How's this for a provocative premise? There's these two adult stepsisters, see. Greta is a former TV anchorwoman who once did a stretch in prison for an unidentified crime, and Moo is a college dropout who may have burned down her campus dormitory. They meet for the first time in order to decide what to do with the remote country house belonging to their recently deceased parents, who appear to have been manufacturing biological weapons in its basement.
Playwright: Marisa Wegrzyn. At: Rivendell Theatre Ensemble at Live Bait Theatre, 3914 N. Clark. Phone: 773-334-7728; $20. Runs through: June 28
Well, what would you do with a house that could be contaminated with dozens of deadly microbiotic toxins? Do you swab it with superstrength disinfectant and try to sell it because you need the money? Do you burn it to the ground, destroying it along with its hidden skeletons? Do you take advantage of the disturbing family secrets to initiate some filial bonding? Why is the county sheriff keeping surveillance on the home? Was the fatal automobile accident really an accident? How much do the potential buyers of the property know?

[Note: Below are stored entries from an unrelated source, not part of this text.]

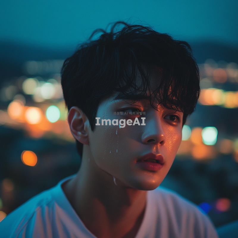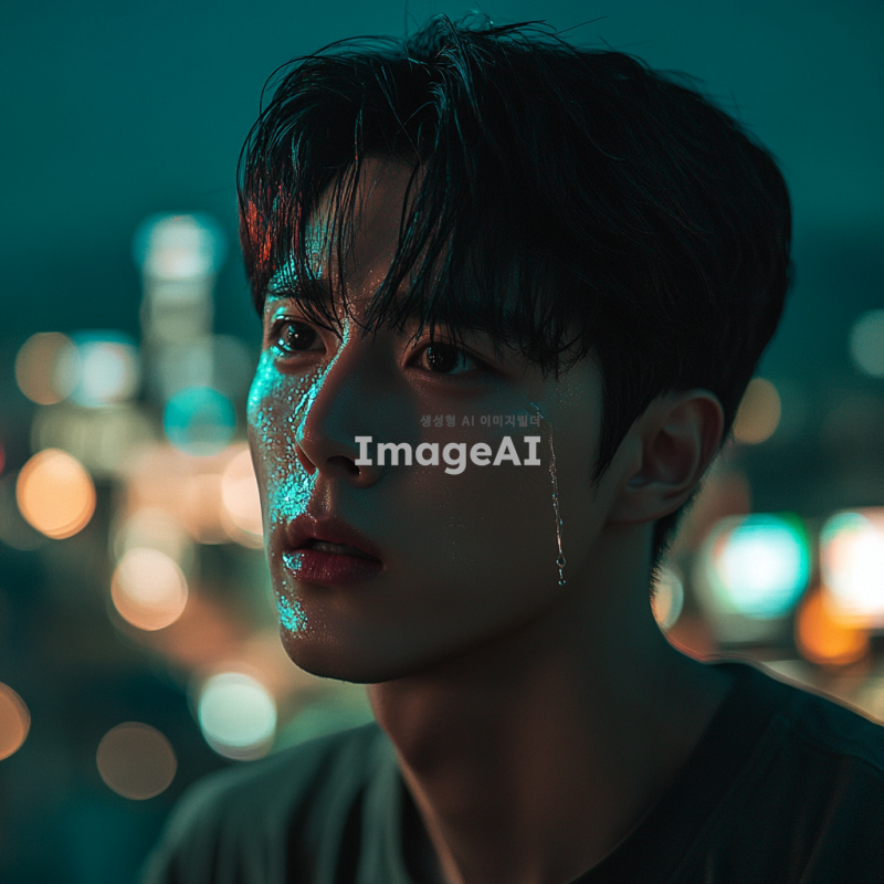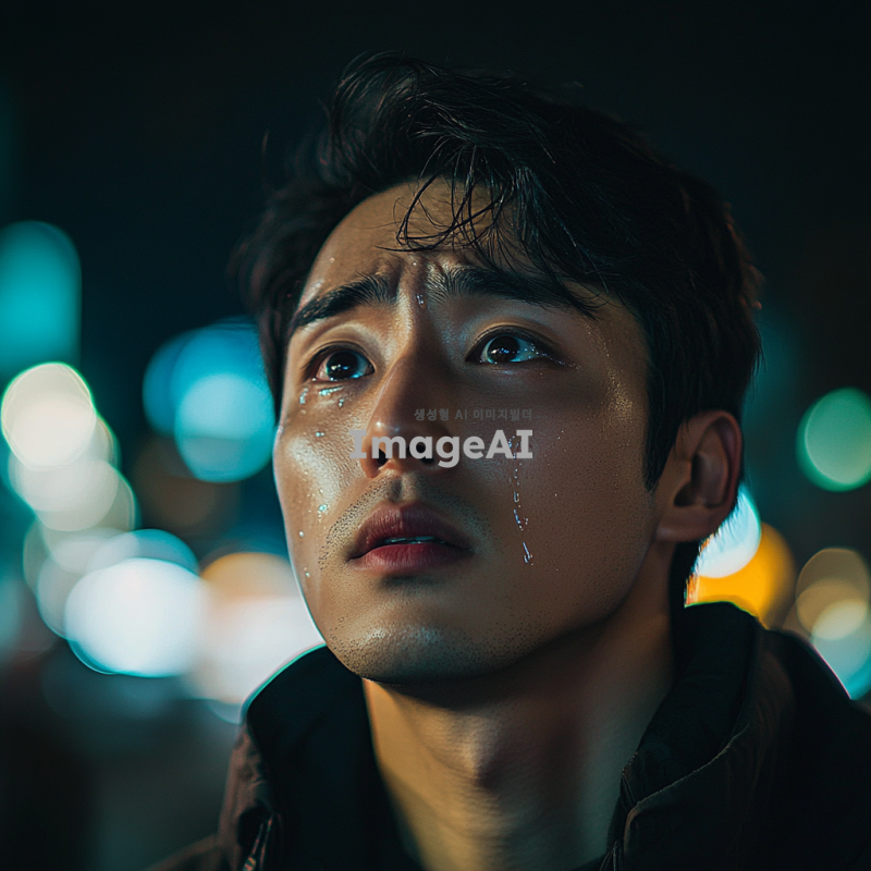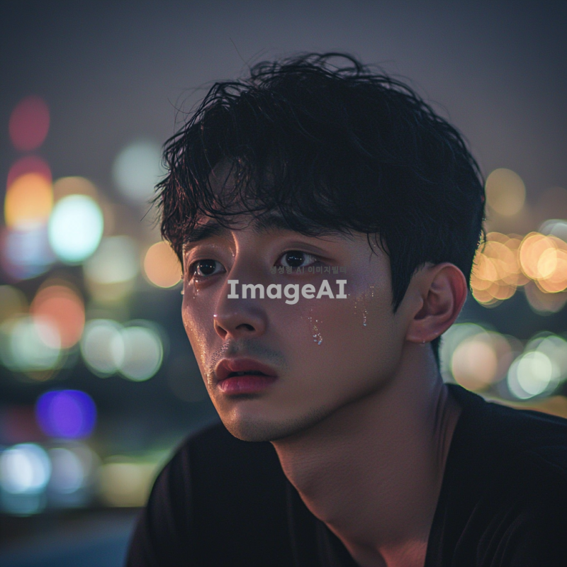 한국 남성, 아름다운 외모, 감정이 담긴 눈빛, 눈물 한 방울이 뺨을 타고 흐르는 모습, 부드러운 조명, 배경은 흐릿한 도시 야경, 감성적이고 서정적인 분위기.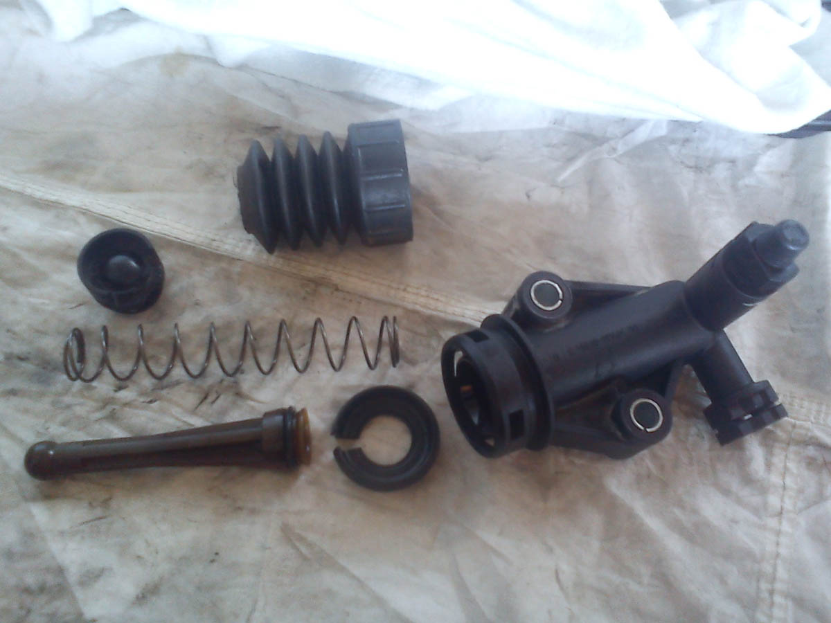 Ten siłowniczek, to prymitywna (wręcz żałosna) konstrukcja. Prosta (prostacka). Rozkłada się to małym śrubokręcikiem, gwoździem nawet (podważenie plastikowego pierścienia rozciętego/sprężystego i wszystko wyskakuje). Dźwignia łapy sprzęgła porusza się po łuku, więc siłowniczek ma (musi mieć) możliwość przychylania się na boki (oprócz tego, że ma przegub, kulkę), ale to z czasem go zużywa (zaczyna się tak, że pod osłoną gumową będzie wilgotno od płynu, z zewnątrz z pozoru OK). Zaglądajcie czasem pod osłonkę (czy dopiero się poci, czy już kapie płyn, wtedy działać - kupić nowy). Uwaga, pozycja montażu też wprowadza przechył i może prowokować wycieki.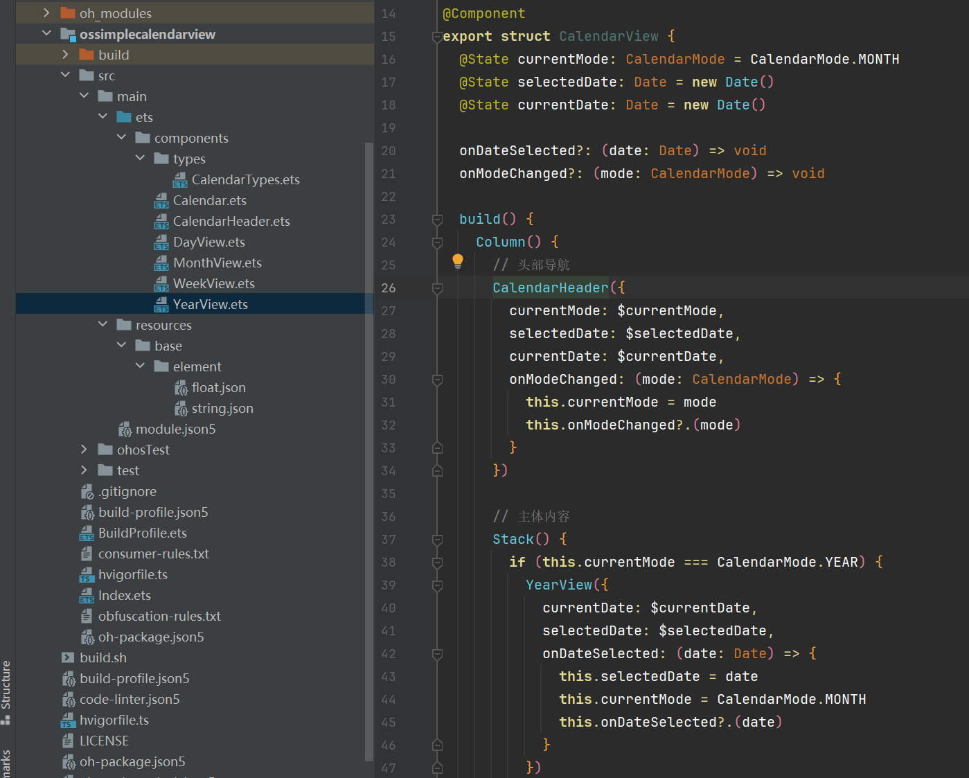 先明确组件库的核心定位:这是一个基于 HarmonyOS ArkUI 框架、用 ArkTS 编写的轻量级日历组件库,主打“开箱即用”和“多模式覆盖”。不像一些复杂组件库那样包含过多冗余功能,它只聚焦日历的核心需求——日期展示、模式切换、日期选中,同时预留了扩展接口,平衡了“易用性”和“灵活性”。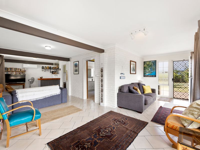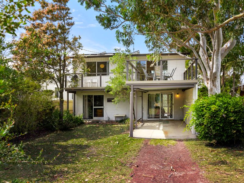 Inside, open-plan living and dining spill onto a large front deck where you can fire up the gas BBQ and dine under the trees. The kitchen is well equipped (microwave and coffee machine — bring your own Lavazza pods), and the house features comfortable lounging zones with a smart TV upstairs plus a separate downstairs bar area with an additional flat-screen TV and DVD player — ideal for movie nights or splitting into quiet and social zones. Practical extras include an outside laundry with an extra shower and toilet (great for rinsing sandy kids and dogs) and undercover parking with plenty of off-street space for boats and cars.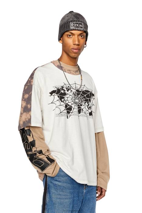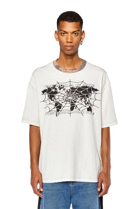 This men's loose-fit tee is cut from white slub cotton jersey. The back is updated with a marbled treatment, whilst the front is detailed with a 'Diesel Wide Wide Web' print.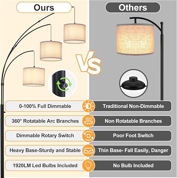 DLLT Modern Floor Lamp for Room: 3-Light Black Tree Dimmable Floor Lamps with Gray Shades for Living Room - Arc Standing Lamp for Bedroom - Tall Floor Lamp for Office Corner 3 LED Bulbs Included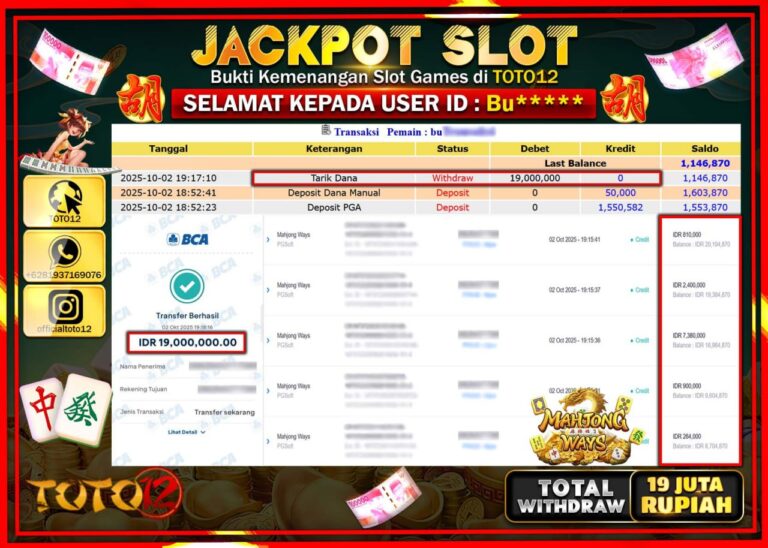Selamat kepada Member Kami Bu****** Telah Jackpot dan berhasil mendapatkan kemenangan besar pada permainan JACKPOT SLOT GAME (MAHJONG WAYS) Dengan Kemenangan Sebesar Rp.19.000.000 –. Setelah mengisi Fomulir Withdraw dengan Kurang waktu 1-2 Menit Dana sudah kami Trasnfer kepada Pemilik Userid dan dana sudah dapat di cairkan oleh pemenang. Bukti Pembayaran yang TOTO12 berikan merupakan Bukti Pembayaran…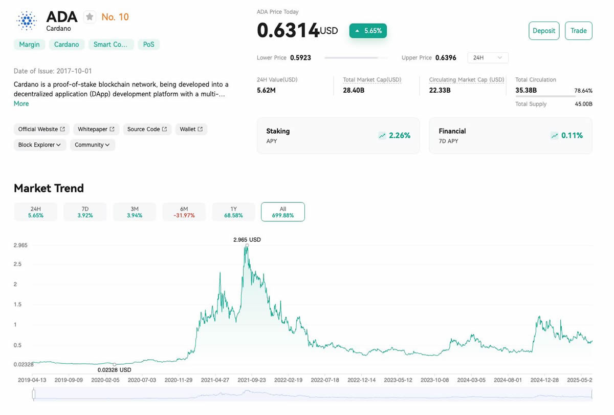 2021年ADA价格曾触及$2.965峰值,当前处于价值洼地阶段。2025年生态复苏迹象明显: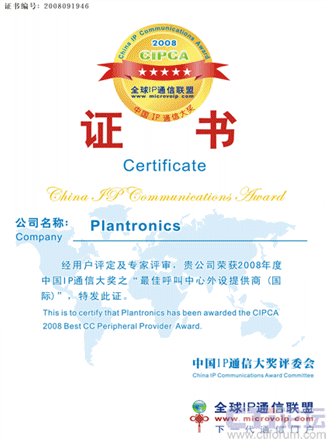 在近日結(jié)束的CIPCA2008年度中國IP通訊大獎評選中,繽特力(Plantronics) 榮獲“最佳呼叫中心外設提供商(國際類)”稱號。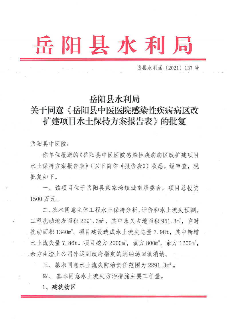 岳阳县水利局关于同意《岳阳县中医医院感染性疾病病区改扩建项目水土保持方案报告表》的批复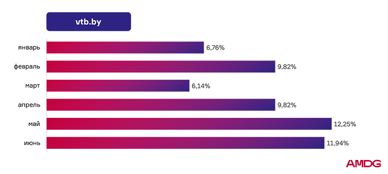 У Банка ВТБ наблюдался скачок роста видимости в феврале с 6,76% до 9,82%, после которого последовало мартовское падение на 3,68%. К июню показатель вырос до 11,94%.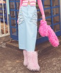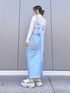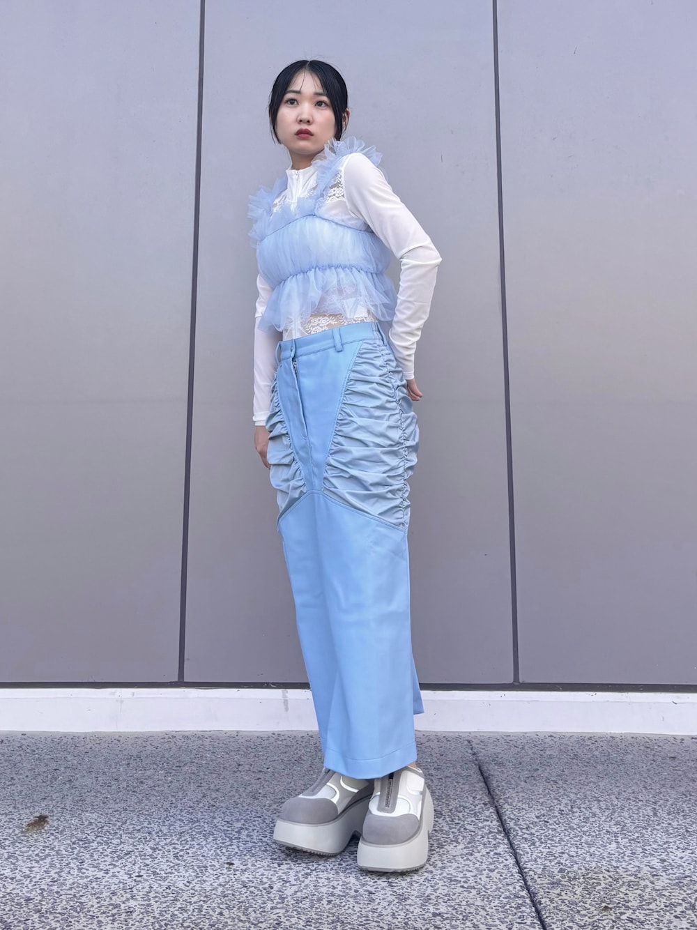短めのシアートップスには、シワのできないボディスーツがピッタリ✨サイドにシャーリングがたっぷりついたフェイクレザーロングスカートは、ボリューミーなシャーリングがついているのにスッキリ細見えシルエットです◎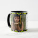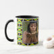 Élégant Mug moderne de Graduation avec texte et photo personnalisables. Un Arrière - plan montre le DRAPEAU DE JAMAÏQUE dans un motif carrelé. Le design affiche l'image de l'espace réservé à gauche et ajoute votre message personnel à droite, ainsi que le texte personnalisable qui se lit à DIEU SOYEZ LA GLOIRE. Bordure noire avec petit motif de finition graduation. Un cadeau idéal pour les diplômés.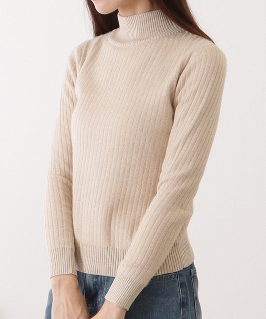配色裏起毛ハイネックリブニットプルオーバー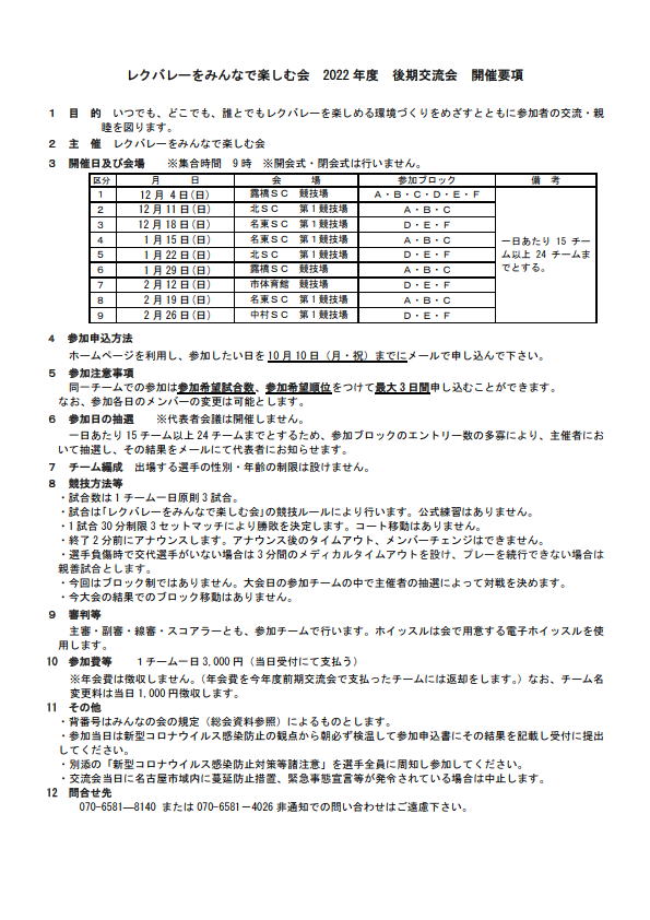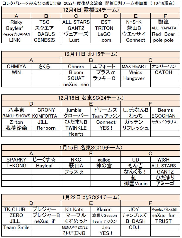 2022.10.21 2022年度後期交流会 試合日程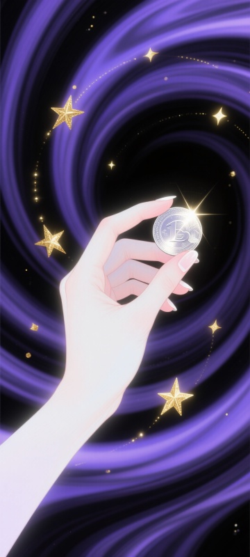 梦幻紫漩涡中,轻拟物手握鎏银币,星轨环绕,粒子闪烁,插画风呈现唯美元素,优雅感十足,适配节日庆典主题。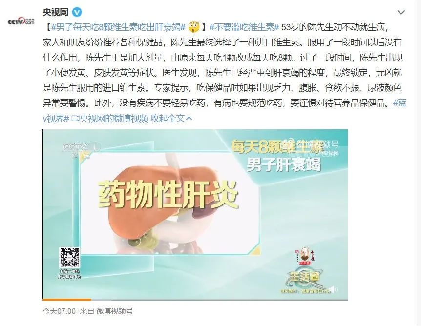 这不,53岁的陈先生就因过量补充维生素导致肝衰竭!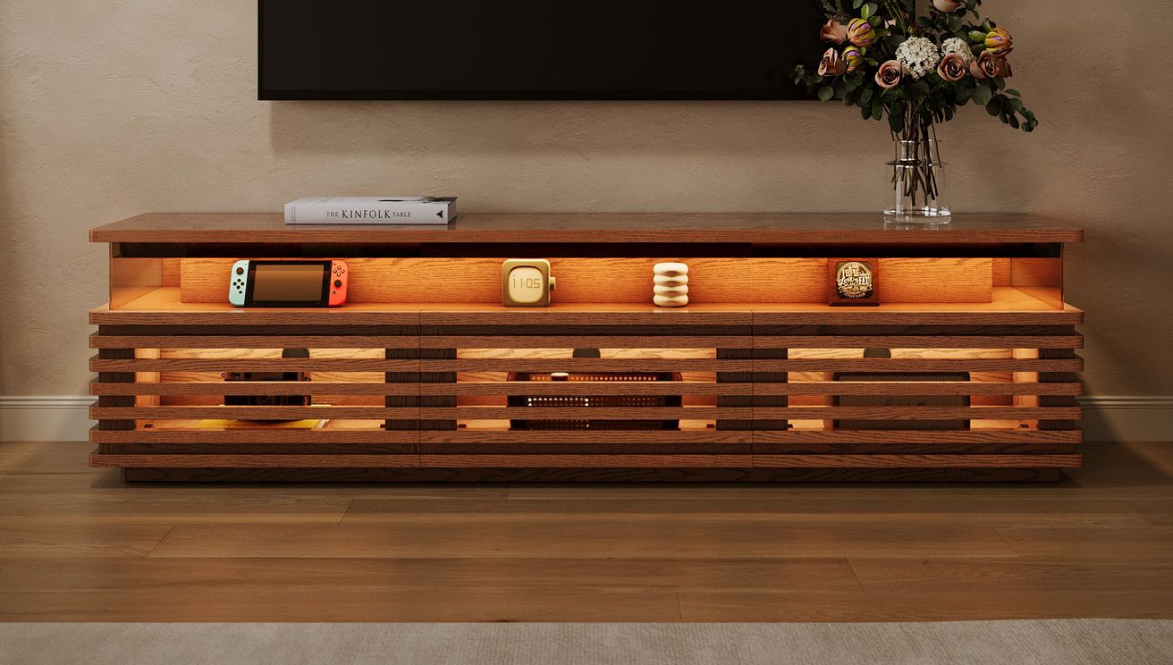 Soft LED lighting highlights your collectibles, gaming gear, or decor—transforming your TV stand into a cozy showcase.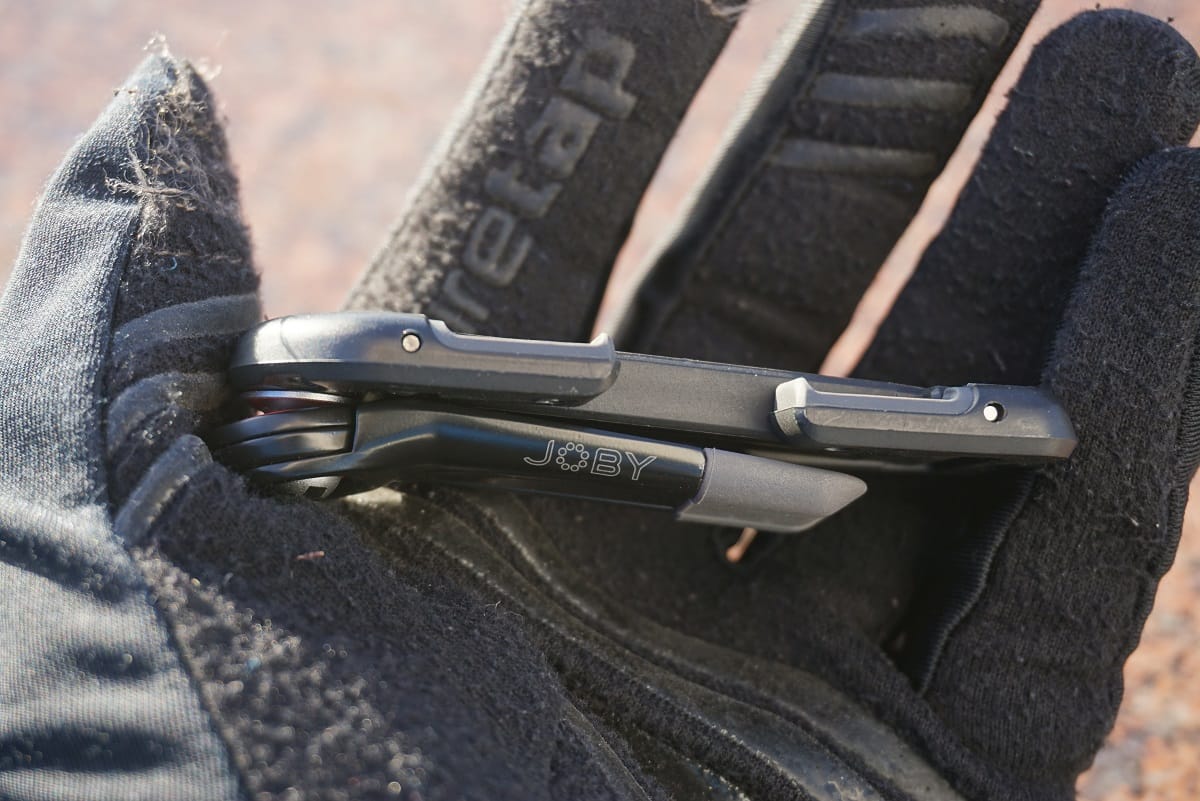 The JOBY Impulse (for those of you who grew up with Billy Connolly or who are Glaswegian, you will already be sniggering at that!) is almost the definition of miniaturisation. At a miniscule 10 grams, it’s not hard to imagine it finding its way into Q branch where it would no doubt vaporise Bond’s latest Spectre foe or perhaps just work his electric garage door. Press the button and it glows a strangely satisfying red. However, its real use is to act as a super small remote control for when you want to get your selfie jones on. Employing a mixture of sorcery and trickery (that would be a battery and Bluetooth connectivity – Ed), the Impulse enables you take create all manner of shots from group selfies through to triggering action shots from above where a self- timer just wouldn’t cut it. If you are in the mood for filming passing riding shots when out on the trails alone, you can activate your phone whenever you want. No more miss-timed clips of you riding in and out of shot.

For that matter, how much do either of the surviving children know, and how much of it is true?
Unfortunately, playwright Marisa Wegrzyn doesn't seem to know the answers to the questions she poses, any more than we do. Oh, her play leads us this way and that, teasing us with information that later might prove significant: say, the introduction into the room of a large open pail of caustic—and flammable—cleaning fluid, followed by some banter about cigarettes and matches. But when the time arrives for Wegrzyn to reward us with a clever explanation for the creepy events bringing the two women—about whom we have come to care deeply—to their shocking dilemma, the action instead terminates so abruptly that only the full-stage blackout cues us that the play is over, leaving us uncertain of what we have just seen or what is likely to happen after the curtain falls.
All right, so life isn't fair and reality doesn't guarantee tidy resolutions. But after director Tara Mallen, actors Mierka Girten and Jenny Strubin, and designers Megan Wilkerson and Daniel Pellant ( whose mail order-equipped laboratory, with its hazardous-material containers and small animal cages, hints at menace from the beginning ) have worked so hard to generate suspense and empathy sufficient to ensure our emotional investment in their story's outcome, we deserve a better punch line than Wegrzyn delivers.